LLAP has a number of sizing related parameters. This section describes choosing suitable values for getting started.

 Parameter Value Description tez.am.resource.memory.mb 4096 The amount of memory (in MB) used by the query coordinator Tez Application Masters. hive.server2.tez.sessions.per.default.queue Number of concurrent queries that LLAP will support This setting corresponds to the number of query coordinators (Tez Application Masters). hive.tez.container.size Values between 4096 – 8192 are typical Tez container size in MB hive.llap.daemon.num.executors See discussion below Number of executors per LLAP daemon hive.llap.io.threadpool.size Same value as hive.llap.daemon.num.executors Executor thread pool size hive.llap.daemon.yarn.container.mb See discussion below Total memory (in MB) used by each LLAP daemon hive.llap.io.memory.size hive.llap.daemon.yarn.container.mb - llap_heap_size - llap_headroom_space Off-heap cache size (in MB) per LLAP daemon llap_headroom_space Values of  6192 – 10240 are typical Amount of off-heap memory (in MB) used for JVM overhead (meta space, threads stack, GC data structures etc.) llap_heap_size hive.llap.daemon.num.executors * hive.tez.container.size Amount of heap memory available for executors num_llap_nodes_for_llap_daemons The number of nodes assigned to the LLAP node label Number of LLAP daemons Hive.auto.convert.join.noconditionaltask.size 50% of tez.am.resource.memory.mb Memory (in MB) used for Map joins tez.am.resource.memory.mb 4096 The amount of memory (in MB) used by the query coordinator Tez Application Masters

Whilst the vast majority of memory resources should be allocated to the LLAP daemons (hive.llap.daemon.yarn.container.mb), some are also needed by the Tez Application Masters (the query coordinators and LLAP YARN service Application Master).

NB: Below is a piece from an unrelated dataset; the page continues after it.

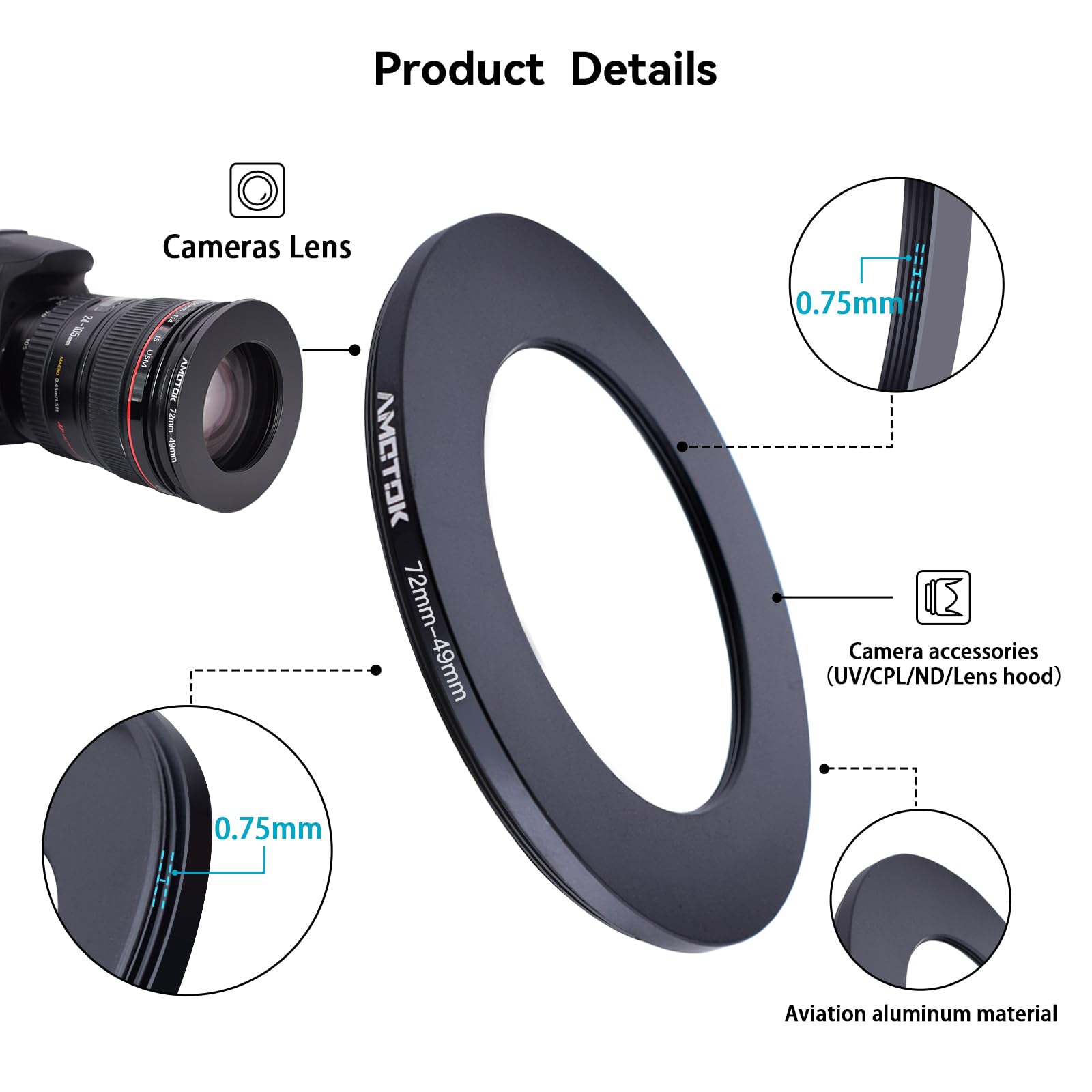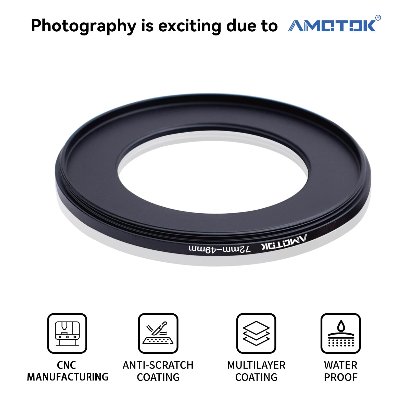 【2】AMOTOK The ring adapter easily screws onto the front of any 72mm lens,and converts the thread size of your lens to the thread size of any other 49mm accessory(such as filters,hoods,flashes and lens converters),and other 49mm accessories.

To calculate the total Tez Application Master memory requirement:

ceil((hive.server2.tez.sessions.per.default.queue + 1) / (num_llap_nodes_for_llap_daemons – node_failure_tolerence)) * tez.am.resource.memory.mb


In this case, node_failure_tolerence is the number of nodes you want to be able to lose without affecting the overall availability of LLAP.

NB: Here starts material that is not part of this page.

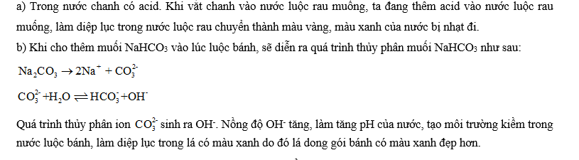 a) Giải thích vì sao khi vắt chanh vào nước luộc rau muống thì màu xanh của nước lại bị nhạt đi.
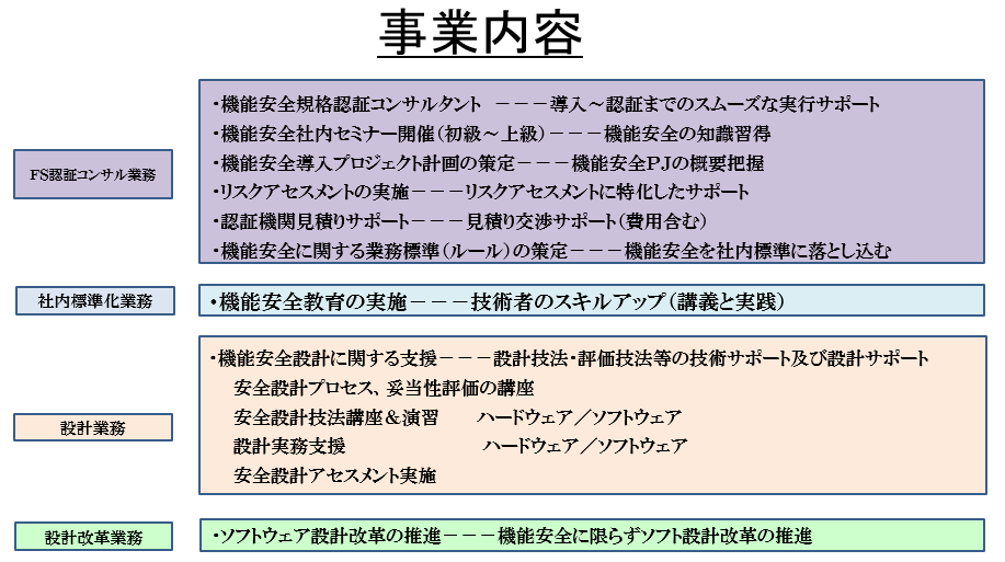 機能安全(FS)認証に向けたコンサルタントの会社です

For example, if the LLAP node label is mapped to two nodes, and you want LLAP to survive the loss of one of them (e.g. n+1 redundancy):

ceil((4 + 1) / (2 - 1)) * 4096 = 20,480 MB


yarn.nodemanager.resource.memory-mb (per-node memory used for YARN containers) minus 20,480 MB is the maximum size of an LLAP daemon.

For example, if yarn.nodemanager.resource.memory-mb is 288 GB, the LLAP daemon can be up to 268 GB (294,912 – 20,480 = 274,432). Note, however, that yarn.scheduler.maximum-allocation-mb must be configured to allow containers of this size.

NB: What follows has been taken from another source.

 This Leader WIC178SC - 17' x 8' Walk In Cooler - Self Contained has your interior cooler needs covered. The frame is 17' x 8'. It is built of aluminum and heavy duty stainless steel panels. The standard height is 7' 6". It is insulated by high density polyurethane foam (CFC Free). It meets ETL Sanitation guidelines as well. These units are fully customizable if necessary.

Generally speaking, the number of executors (hive.llap.daemon.num.executors) should be equal to yarn.nodemanager.resource.cpu-vcores (per-node vCores for YARN containers). However, on machines with high core counts this may not be practical. For example, if a node has 56 vcores and hive.tez.container.size is 4 GB, the executors alone would require 224 GB of memory, potentially leaving very little memory for the cache (hive.llap.io.memory.size). Under these circumstances, you can adjust the number of executors down, essentially achieving a larger cache at the expense of reduced task parallelism.

LLAP Application Health Threshold

In Ambari-managed clusters, the LLAP YARN service is configured with a yarn.service.container-health-threshold.percent of 80% and yarn.service.container-health-threshold.window-secs of 300 seconds, i.e. if less than 80% of LLAP containers (daemons) are in a READY state for five minutes, the service is considered unhealthy and is automatically stopped. In other words, with one daemon per host, you will need a minimum of five hosts in your node label for high availability. For node labels consisting of fewer than five hosts, reduce yarn.service.container-health-threshold.percent. For example, with two hosts, a suitable threshold is 50%.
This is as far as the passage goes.